To step up efforts in achieving food security, the Government in 2017 launched it Modernising Agriculture in Ghana (MAG) programme to strengthen and modernize agriculture extension services in the various districts across the country.
All the 216 districts of the ten regions under the Ministry of Food and Agriculture (MoFA) will benefit from the five-year programme which is being supported with funding from the Canadian Government to ensure more modern, equitable and sustainable agriculture sector.
Other areas of priority attention would include support to the Regions for technical oversight and value-chain development, support to the Ministry of Agriculture directorates at the National level and support to Agriculture Colleges and Research Institutes.
It has therefore intensified training for all agriculture stakeholders including district agriculture directors, accountant, district chief executives, coordinating directors as well as district finance officers to sensitise them on their respective roles to facilitate the efficient implementation of the programme.
Ms. Prospera Anku, Deputy Director in Charge of Public Extension at MoFA, in a presentation charged the all stakeholders of the various district assemblies to be conversant with the extension policies to enable them play their roles effectively to ensure the success of the programme.
She said the national office could allude to the fact that the training of technical officers to undertake extension services was dying and the programme was to address that anomaly as part of the processes to redeem the sector.
Technical review services should therefore be a matter of great priority and must be included in the plans of the districts because they will receive incentives when well implemented but sanctions if they failed to do. Of great significance to be incorporated into the district plans were gender issues, climate change, HIV/AIDS and other preventable diseases as well as child labour in order to carry out training programmes for staff, focal persons and farmers.

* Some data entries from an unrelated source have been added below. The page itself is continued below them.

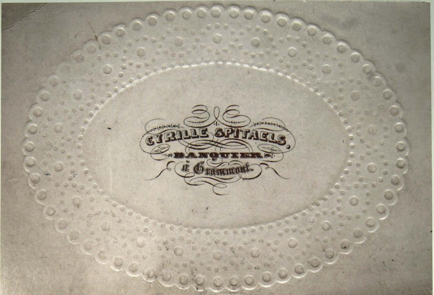
Cyrille Spitaels. Banquier à Grammont. (2 varianten)

Cyrille Spitaels houdt het sober. Een witte naamkaart met een ovale kanten boord en daarin centraal zijn naam en adres in een eenvoudige maar voorname kalligrafische uitvoering. Naast de drie verschillende lettertypes is er ook bij de versiering gezorgd voor een sierlijke maar klassieke lijnvoering. Het geheel werd uitgevoerd in een discrete rode oker.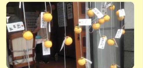
↑「わたしのどれ〜」 樹楽 若久通りの干し柿

11月の樹楽では、ハロウィンパーティーや食欲の秋、紅葉の鑑賞、クリスマスの準備などで盛り上がりました♪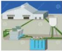
Slutna vatten system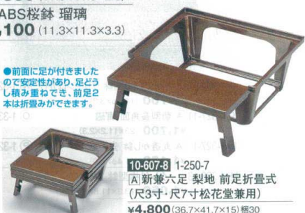
10-607-8 1-250-7 [A]新兼六足 梨地 前足折畳式 (尺3寸・尺7寸松花堂兼用) ¥4,800(36.7×41.7×15) 梱30

●前面に足が付きましたので安定性があり、足どうし積み重ねでき、前足2本は折畳みができます。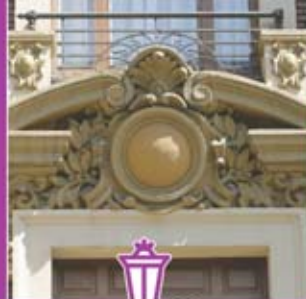
◀ Ornamento balcón.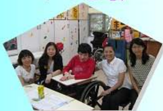
老師，我今年的表現如何?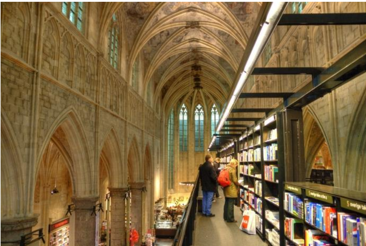
Boekhandel Dominicanen was in 2018 de best bezochte kerk van Nederland

Het programma Toekomst Religieus Erfgoed is gericht op het realiseren van een duurzame toekomst voor kerkgebouwen. Maar achter die gebouwen gaan duizenden mensen schuil die zich met hart en ziel inzetten voor het behoud 'hun' kerken. In religieus gebruik of in nieuw gebruik. Hier treft u een gesprek met één van die mensen aan. Wilt u meer interviews lezen, klik dan door naar de website waar een keur aan verhalen terug te vinden is.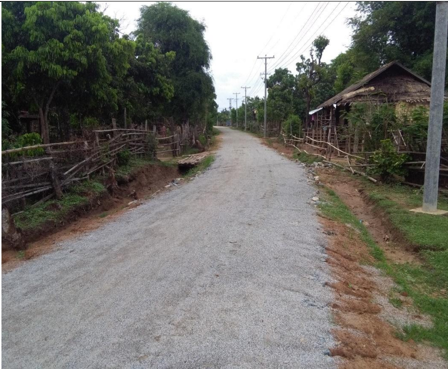
တတိယနှစ်စီမံကိန်းလုပ်ငန်းခွဲဆောင်ရွက်ပြီးစီးမှုမှတ်တမ်းဓာတ်ပုံ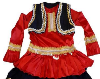
تصویر ۱۶- پیراهن زن قاسم‌آبادی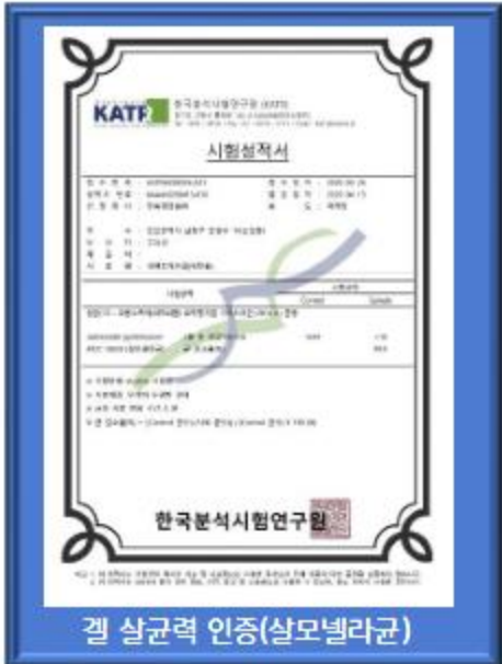
겔 살균력 인증(살모넬라균)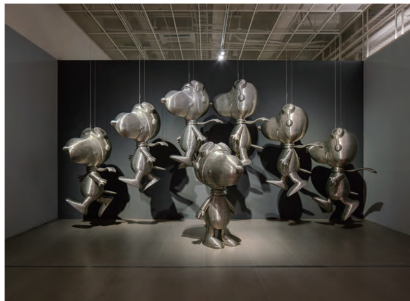
박승모 Park Seungmo | Maya, 2019 Displayed dimension, Variable, Aluminum wire and fiberglass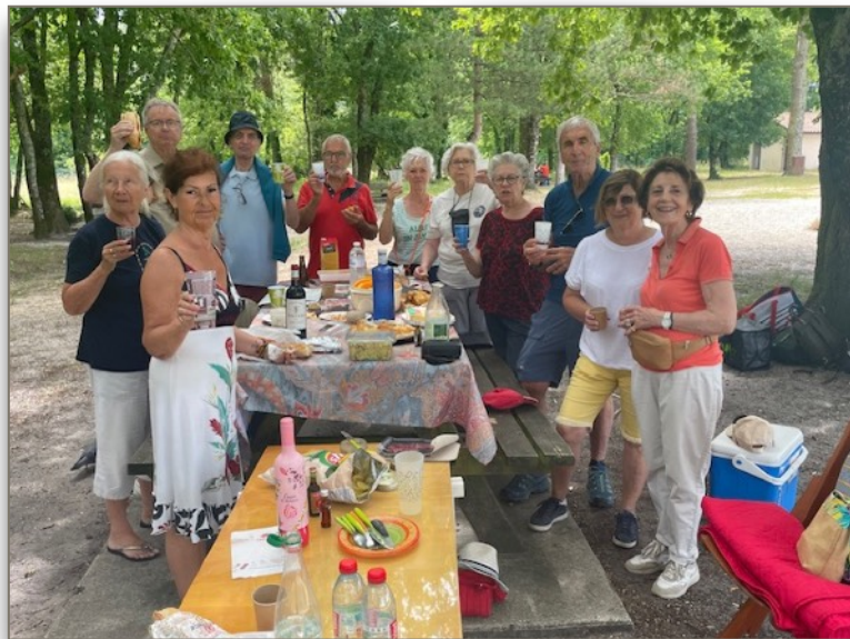
Un pique-nique bienvenu après l'effort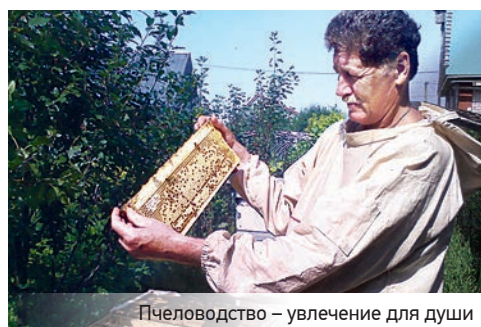
Пчеловодство – увлечение для души

— Основное направление деятельности в качестве начальника ПТО состояло в том, чтобы обеспечить производственные партии современной техникой, скважинными приборами и оборудованием. Работать с заказчиками по обеспечению безопасных условий труда на скважинах, согласно требованиям Правил. Создавать условия для нормального функционирования производственных партий, в том числе решать и кадровые вопросы. В сложные 90-е годы многого не хватало: и техники, и скважинных приборов, оборудования и геофизического кабеля, взрывматериалов. Мы работали на перспективу. Заказчики месяцами не оплачивали выполненные работы. Приходилось обращаться к производителям скважинной аппаратуры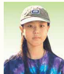
ひらき こな 開心那 さん

野球日本代表として、東京2020オリンピックに出場し、金メダルを獲得。本大会では3試合に登板し、侍ジャパンのメダル獲得に貢献。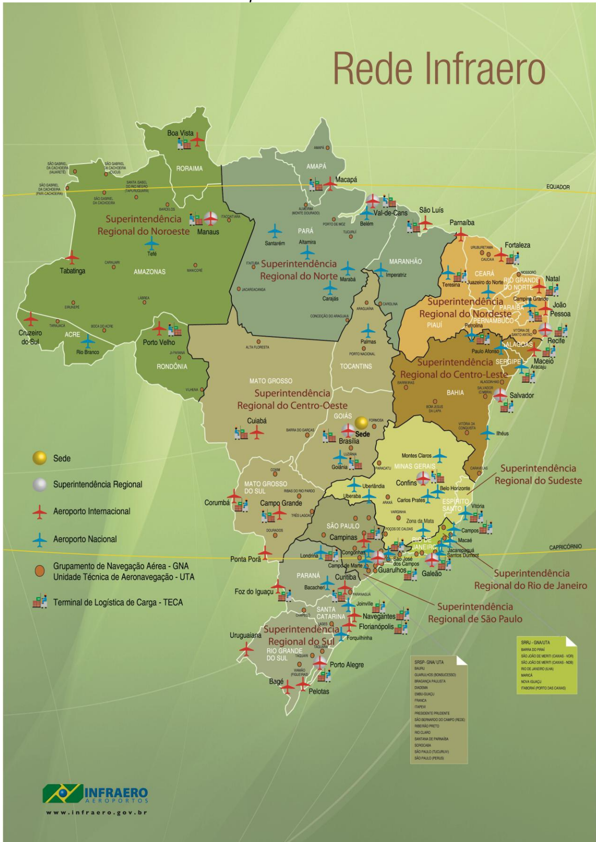
Mapa da Rede Infraero

They must ensure enhanced administrative running of the offices, improve planning, budgeting and reporting, improve monitoring and supervision of extension services and management as well as the establishment and strengthening of farmer based organisations.
Ms. Anku charged the districts to ensure that the Planting for Food and Jobs project, which was the flagship programme of the Government, featured prominently in their work plans and budgets.
They should be that inclusiveness and participation of all stakeholders in the planning and implementation process to ensure ownership of the programme was key to its success, she added.
Ms. Ruby Neils-Palme , MAG Coordinator, emphasized the need to strengthen decentralized multi-stakeholder structures for planning, review and dialogue, to establish harmonization of plans and budgets in line with sector stakeholders at the decentralized level.
She enumerated some of the weaknesses in the preparation work plans in the 2017 and 2018 budgets to include lack of coherence within and among plans, unrealistic targets, lack of gender sensitivity and focus on production without value chain.
The workshop was to identify the lapses and have them corrected in the 2019 work plans and budgeting.